Auditability
This is the reference for Byline's auditability subsystem: the per-version acting-user trail, the document-level audit log for changes that sit outside the version stream, and the history and activity views built on top of them. It builds on the withTransaction capability that lets each audited change and its audit row commit atomically.
Audit and versioning are two halves of one accountability story, split along Byline's document-level vs version-level line: versioning makes every content change accountable as an immutable, diffable version, while the audit log covers the document-level and status changes that deliberately mint no version (path, availableLocales, the tree edge, and lifecycle transitions). Read that architectural decision first if you want the why behind the split.

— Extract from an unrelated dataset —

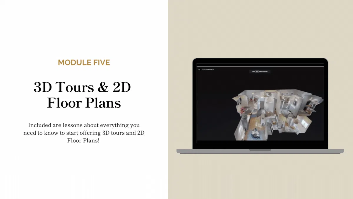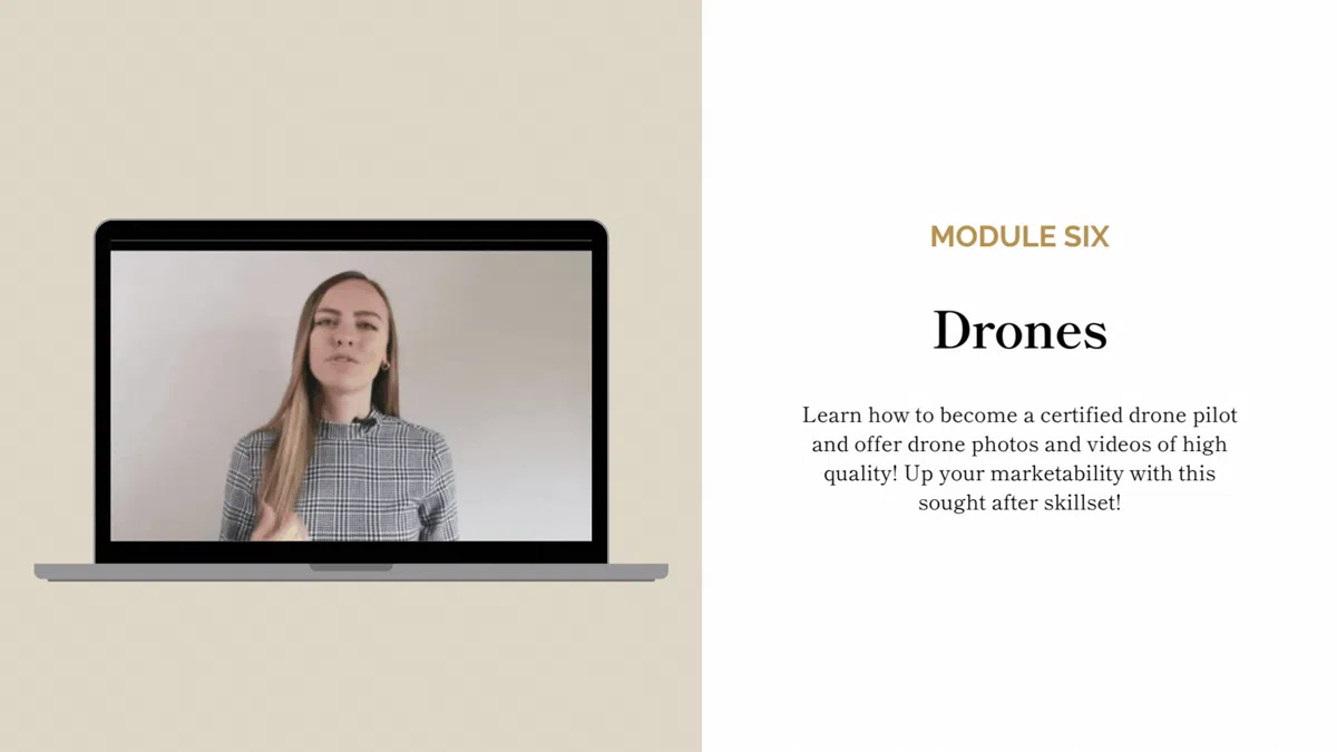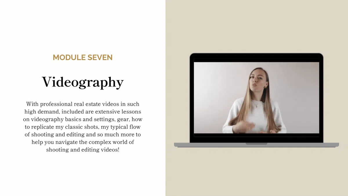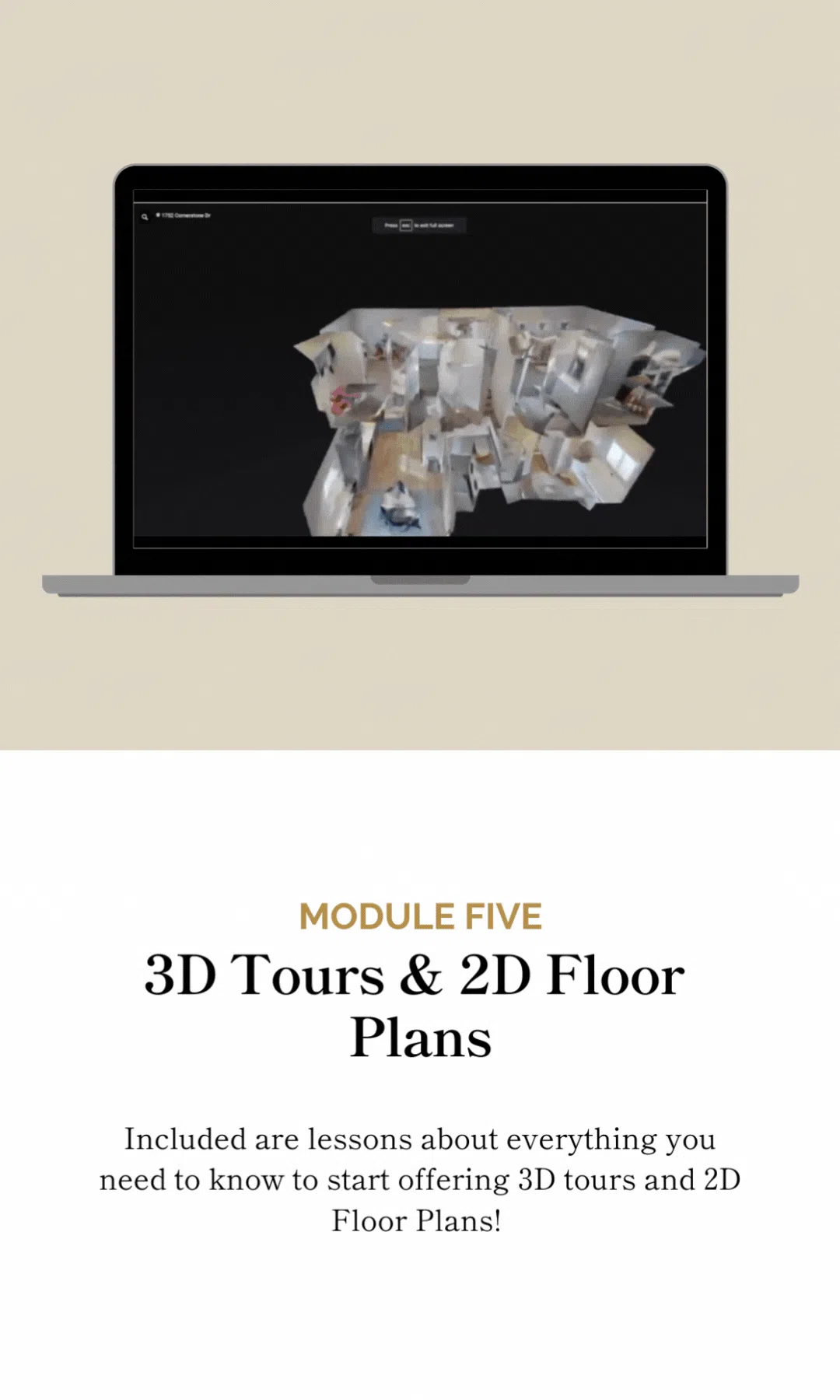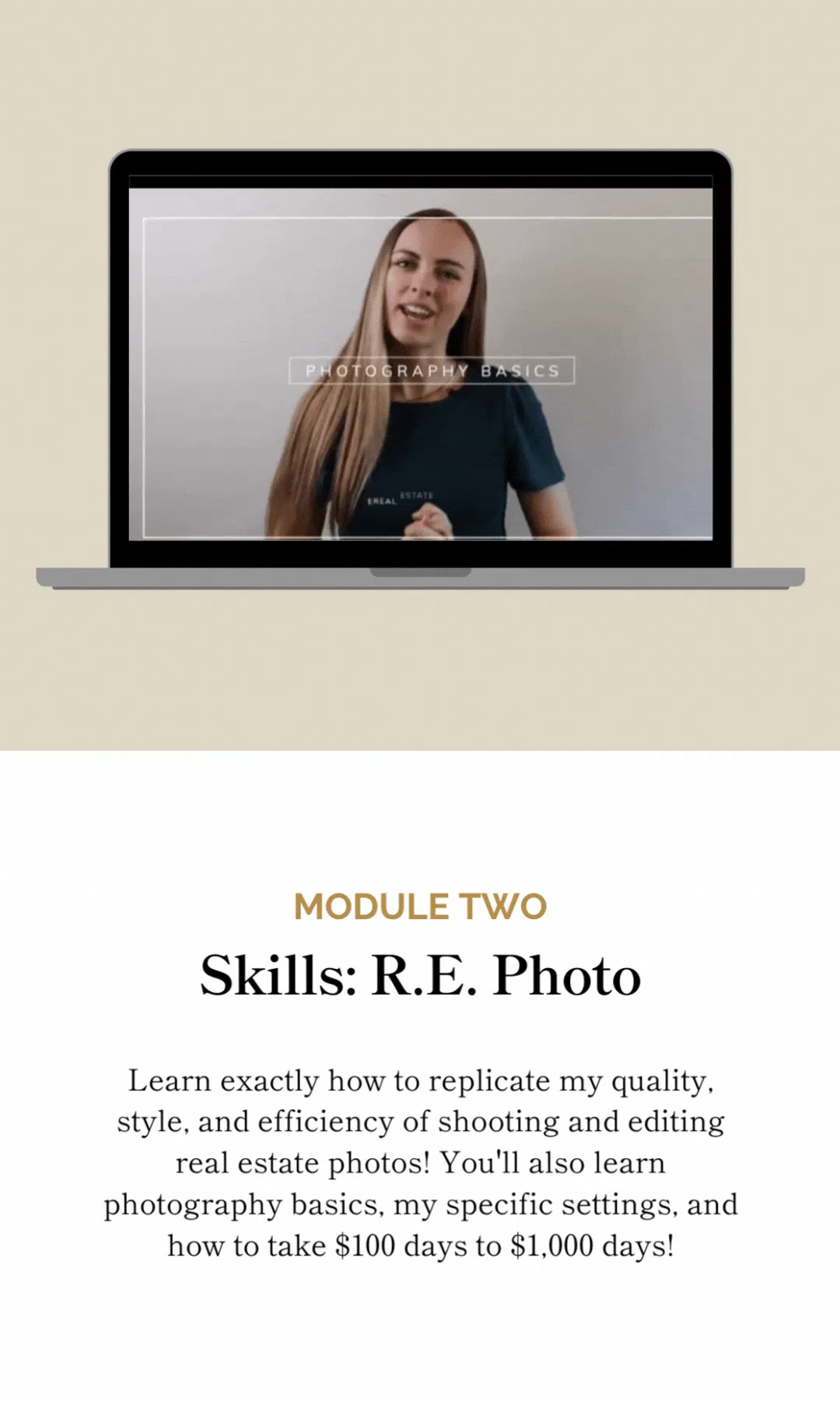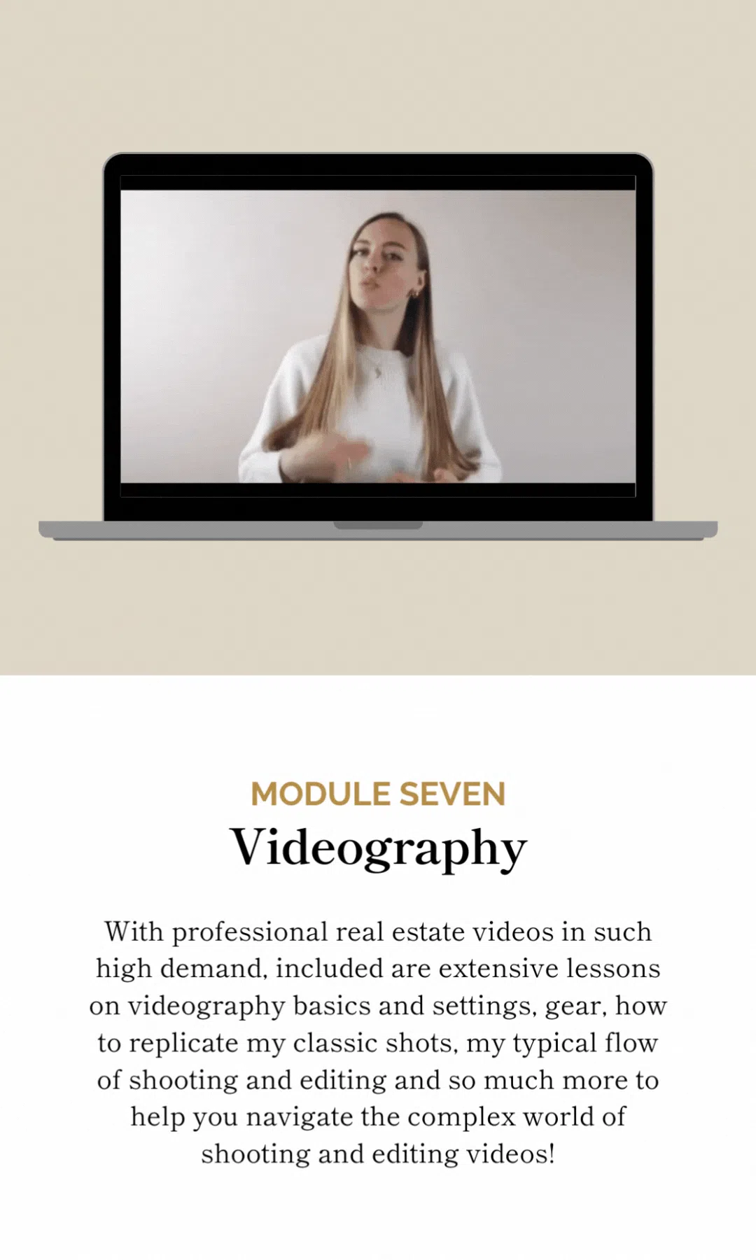 Are pre-recorded video lessons organized in digestible modules. These lessons have been designed to make it clear, simple and as quick as possible to take your real estate photography business to it’s fullest potential! Check out the modules and what's included below!

Why — the claim being honoured
bylinecms.app leads with auditability as a principle:
"Auditable: versions, editorial trails and citations — ask 'where did this come from?' and get a real answer."
"Every document carries its history: who wrote it, who changed it, and which version is the one you stand behind."
The immutable version stream honours the what and when — versions, a History view, per-version diffs. The auditability subsystem honours the who, and records the two classes of change that sit outside the version stream (non-versioned document-level writes, in-place status transitions) plus deletions and — reserved — admin-module actions.
Vocabulary — "audit", not "attribution"
Two words that sound adjacent but must not bleed in Byline:
- Attribution is public-facing: copyright, author / publisher credit on published content (the "original, attributable, auditable" thesis aimed at readers and the provenance story). It surfaces to the audience — e.g. a media item's
Credit / Attributionfield. - Auditability is internal: which staff actor did what to a document or version, and when. A staff-accountability record inside the admin, never shown to readers.
Everything in this domain is the second. The internal vocabulary is consistently audit (the record), acting user / actor (the who), and auditability (the property) — never "attribution", which is reserved for the public credit concept. The stored column is the neutral created_by.
The version audit trail (acting user + action)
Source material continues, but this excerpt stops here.